▶ INSTRUCTIONS FOR THE TASK: Go to the line that contains "ツイードベストジャケット レディース 40代". Restate that line and each one after it exactly, through the end of the records, without pictures.

▶ THE RECORDS:
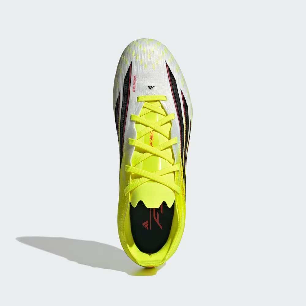 Découvrez les chaussures de football F50 Elite pour terrain ferme. Conçues pour les jeunes footballeurs prêts à briller sur le terrain, elles sont idéales pour les sprints fulgurants et les changements de direction rapides. L’empeigne Fibertouch offre maintien et amorti ciblés, tandis que la texture 3D haute définition Sprintweb assure un contact optimal avec le ballon, notamment lors des dribbles à grande vitesse, donnant ainsi à votre enfant un avantage certain sur ses adversaires. La semelle extérieure Sprintplate 360, dotée de crampons lamellaires et semi-coniques non amovibles, garantit vitesse, agilité et une adhérence optimale sur terrain ferme, comme le gazon naturel sec. La languette tunnel à compression est légère et adaptable, avec des renforts en TPU pour un maintien sûr et un verrouillage optimal. Encouragez votre enfant à se surpasser avec ces chaussures arborant le logo emblématique d’adidas. Faites confiance à des chaussures performantes qui inspirent confiance et accompagnent la prochaine génération d’athlètes.
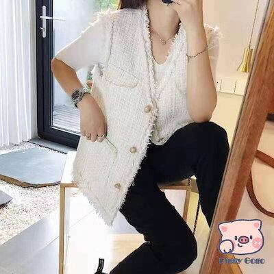 ツイードベストジャケット レディース 40代 大きいサイズ Vネック ジレベスト ツイードジャケット 春 秋 大人韓国風 通勤 卒業式 入学式 入園式 服装 母 30代
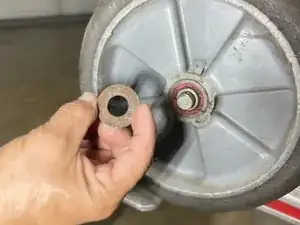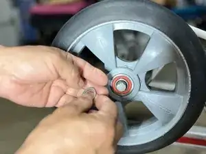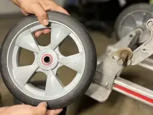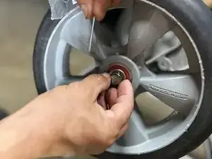 Вставьте новое колесо в шпиндель колеса.
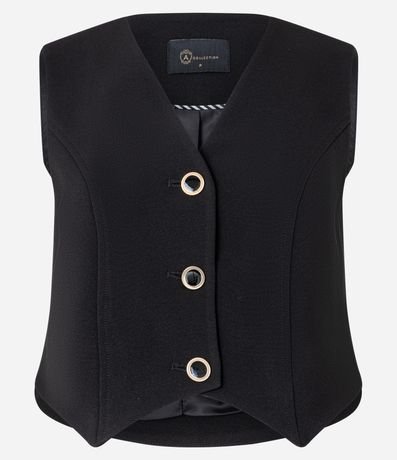 Ref: Colete confeccionado em crepe com decote V e botões diferenciados com bordas metalizadas.
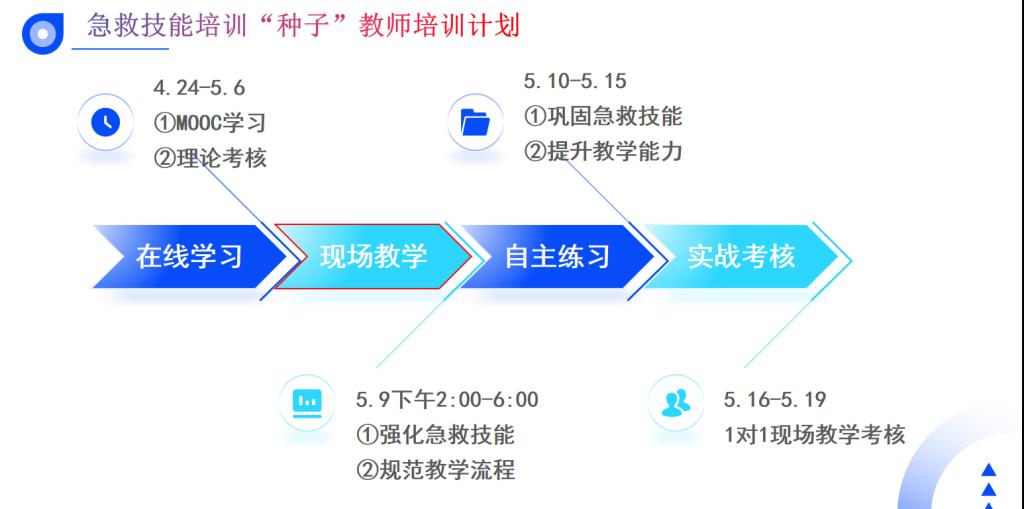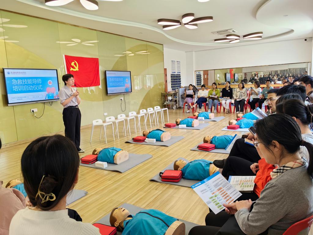 本次培訓分為在線學習、現(xiàn)場教學、自主學習、實戰(zhàn)考核等幾個階段,31名“種子”教師將接受成人心肺復蘇術(CPR)和自動體外除顫儀(AED)技能培訓。
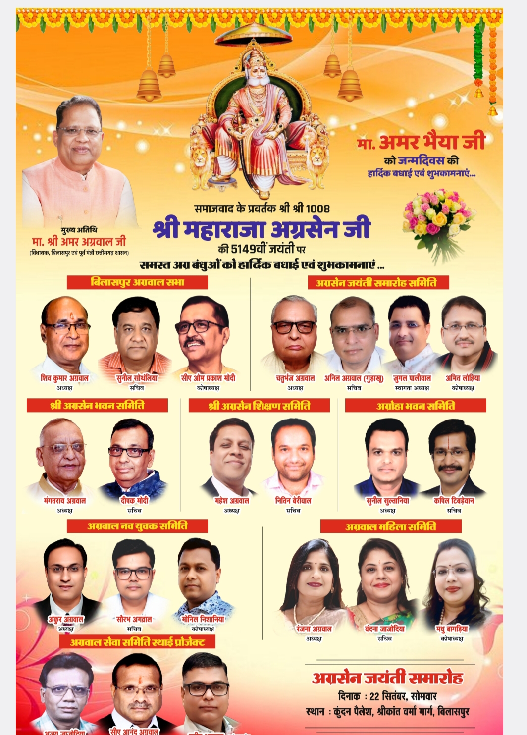 बिलासपुर। 22 सितंबर सोमवार को भंडारा एवं अग्रसेन जयंती का मुख्य कार्यक्रम कुंदन पैलेस में मुख्य अतिथि विधायक अमर अग्रवाल शामिल होंगे।
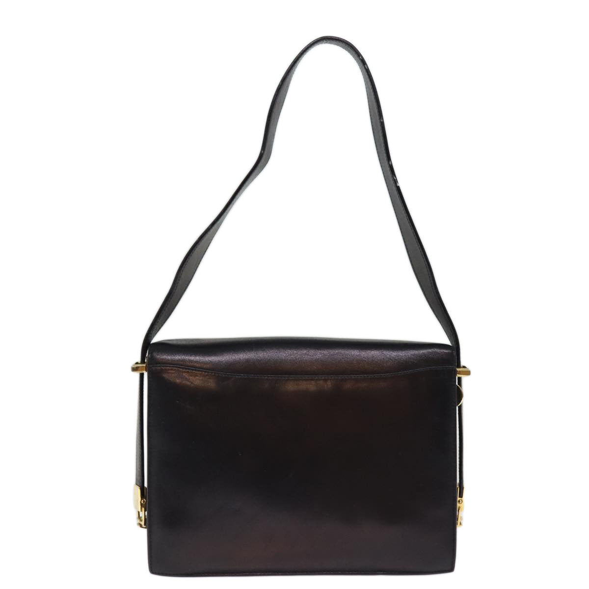 CELINE Horse Carriage Shoulder Bag Leather Black Auth 75266
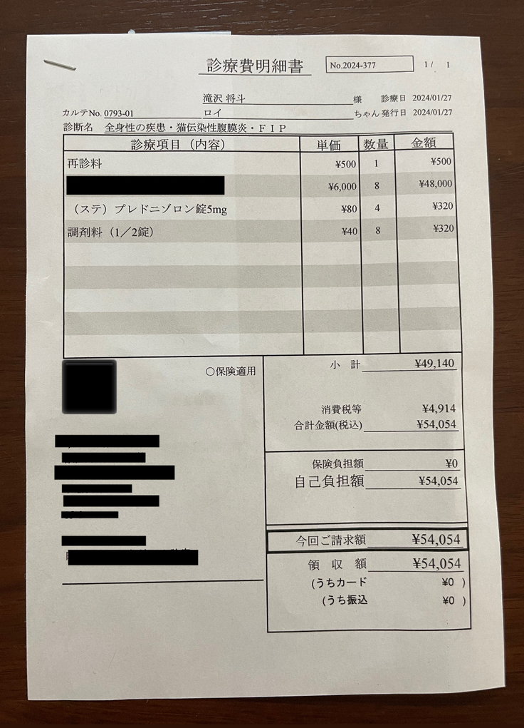 ロイくんの現在治療中である猫伝染性腹膜炎(FIP)の今までと今後の治療費にあてます
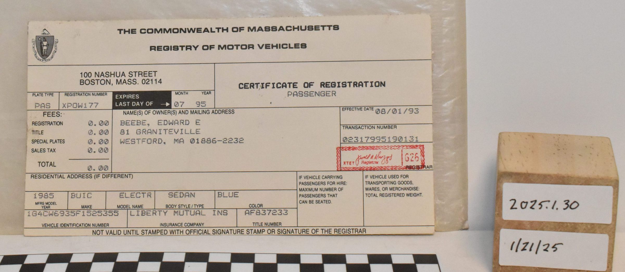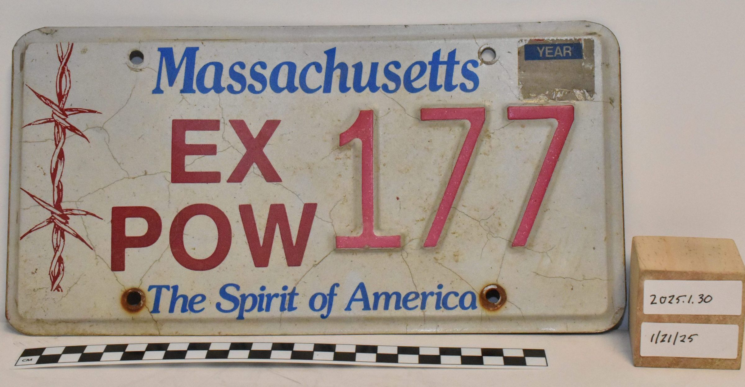 Edward E Beebe Collection - metal MA EX POW 177 license plate, "The Spirit of America".
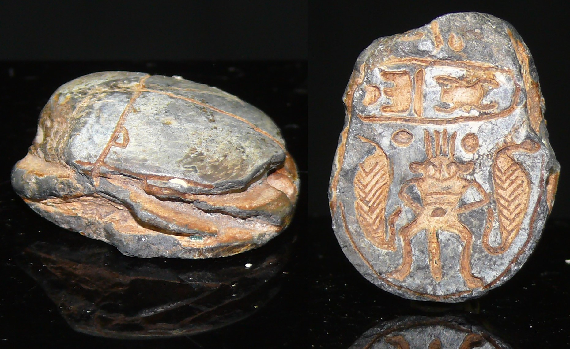 Avers : Grand scarabée en pierre de couleur grise dont l’empreinte représente le dieu Bès entouré de 2 cobras et surmonté d’un cartouche pharaonique au nom de Thoutmôsis III. Dimensions : 33 * 24 mm.
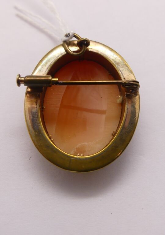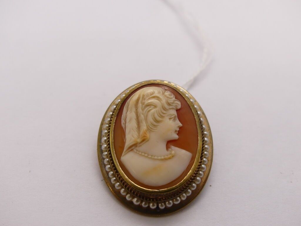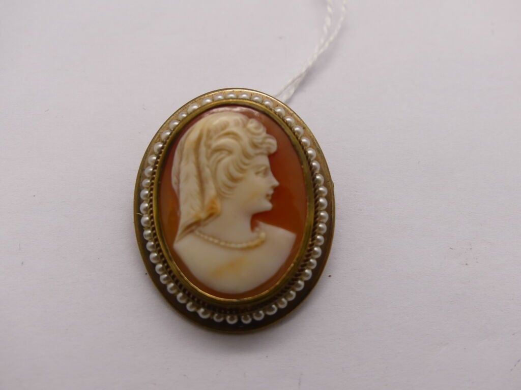 A cameo pendant brooch with a woman's profile on a shell and…
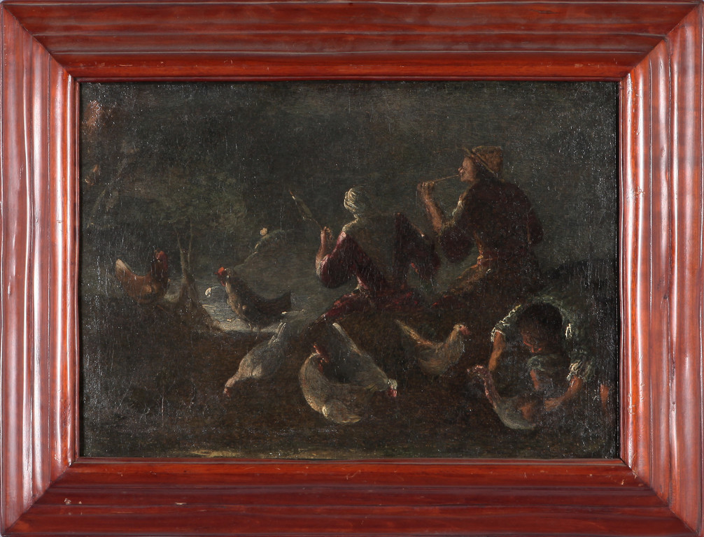 Scuola fiamminga sec.XVII 'Allevatori di polli' olio

▶ SOLVED EXERCISE:
 ツイードベストジャケット レディース 40代 大きいサイズ Vネック ジレベスト ツイードジャケット 春 秋 大人韓国風 通勤 卒業式 入学式 入園式 服装 母 30代
 Вставьте новое колесо в шпиндель колеса.
 Ref: Colete confeccionado em crepe com decote V e botões diferenciados com bordas metalizadas.
 本次培訓分為在線學習、現(xiàn)場教學、自主學習、實戰(zhàn)考核等幾個階段,31名“種子”教師將接受成人心肺復蘇術(CPR)和自動體外除顫儀(AED)技能培訓。
 बिलासपुर। 22 सितंबर सोमवार को भंडारा एवं अग्रसेन जयंती का मुख्य कार्यक्रम कुंदन पैलेस में मुख्य अतिथि विधायक अमर अग्रवाल शामिल होंगे।
 CELINE Horse Carriage Shoulder Bag Leather Black Auth 75266
 ロイくんの現在治療中である猫伝染性腹膜炎(FIP)の今までと今後の治療費にあてます
 Edward E Beebe Collection - metal MA EX POW 177 license plate, "The Spirit of America".
 Avers : Grand scarabée en pierre de couleur grise dont l’empreinte représente le dieu Bès entouré de 2 cobras et surmonté d’un cartouche pharaonique au nom de Thoutmôsis III. Dimensions : 33 * 24 mm.
 A cameo pendant brooch with a woman's profile on a shell and…
 Scuola fiamminga sec.XVII 'Allevatori di polli' olio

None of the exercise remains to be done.